COLLECTED DATA:
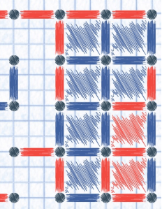 De spelleider tekent d.m.v. het zetten van (zwarte) stippen een raster van 4×4 of groter. Hoe groter het raster, hoe langer het spel. Zie de afbeelding hiernaast.
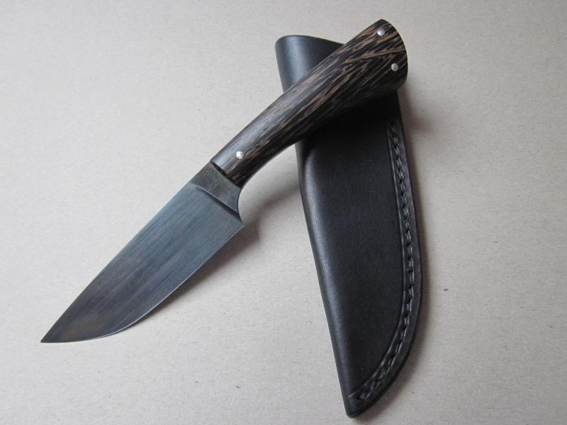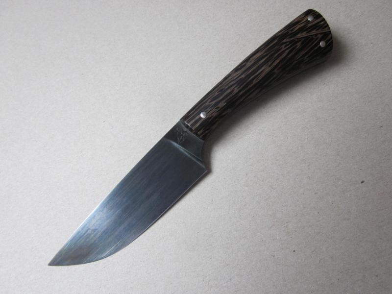 Länge gesamt 18,5 cm, Länge Klinge 9 cm, Breite 3 mm, Klinge brüniert, Griff Palmholz gebürstet mit Silbernieten. Den Stahl hatte er mir genannt, ich habe es leider vergessen
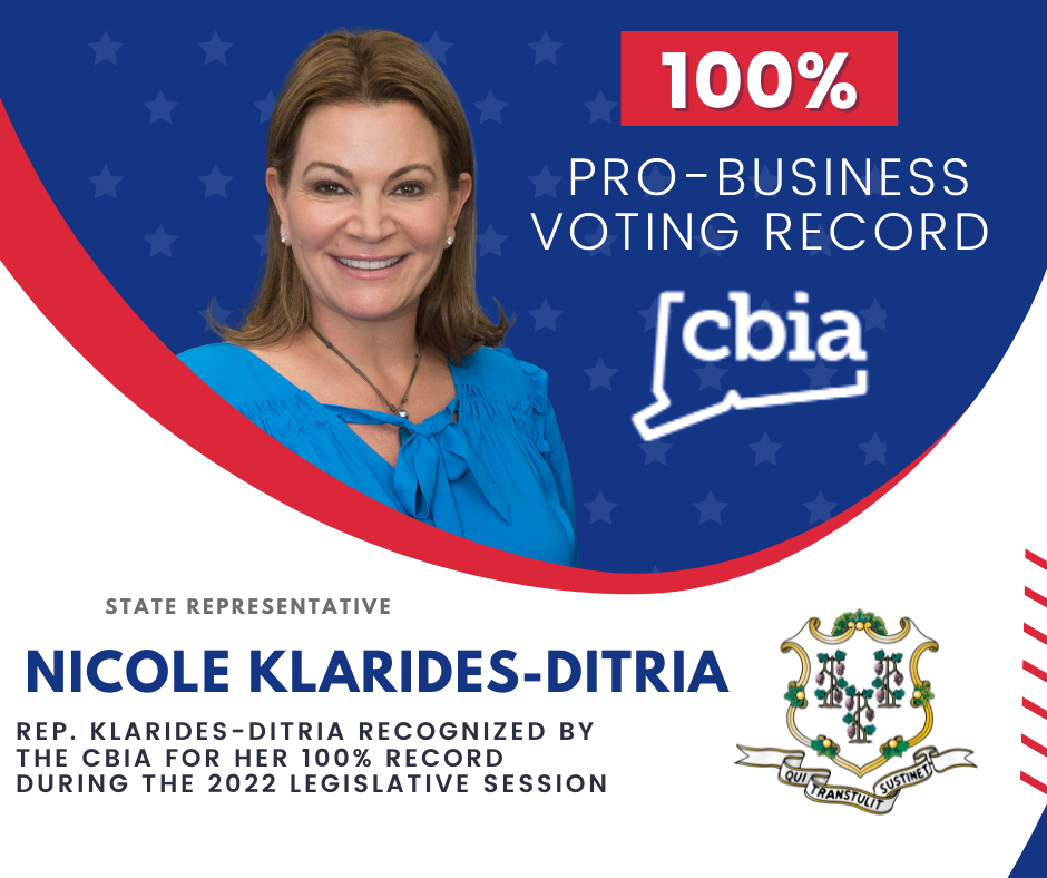 Connecticut’s largest business organization recognized State Representative Nicole Klarides-Ditria for her perfect voting score on key bills impacting Connecticut’s economic growth and business climate during the 2022 legislative session.

EXERCISE BRIEF: Output, exactly as written, only the lines from the beginning of the listing through the line containing "Länge gesamt 18,5", both included, and no pictures.

YOUR SOLUTION:
 De spelleider tekent d.m.v. het zetten van (zwarte) stippen een raster van 4×4 of groter. Hoe groter het raster, hoe langer het spel. Zie de afbeelding hiernaast.
 Länge gesamt 18,5 cm, Länge Klinge 9 cm, Breite 3 mm, Klinge brüniert, Griff Palmholz gebürstet mit Silbernieten. Den Stahl hatte er mir genannt, ich habe es leider vergessen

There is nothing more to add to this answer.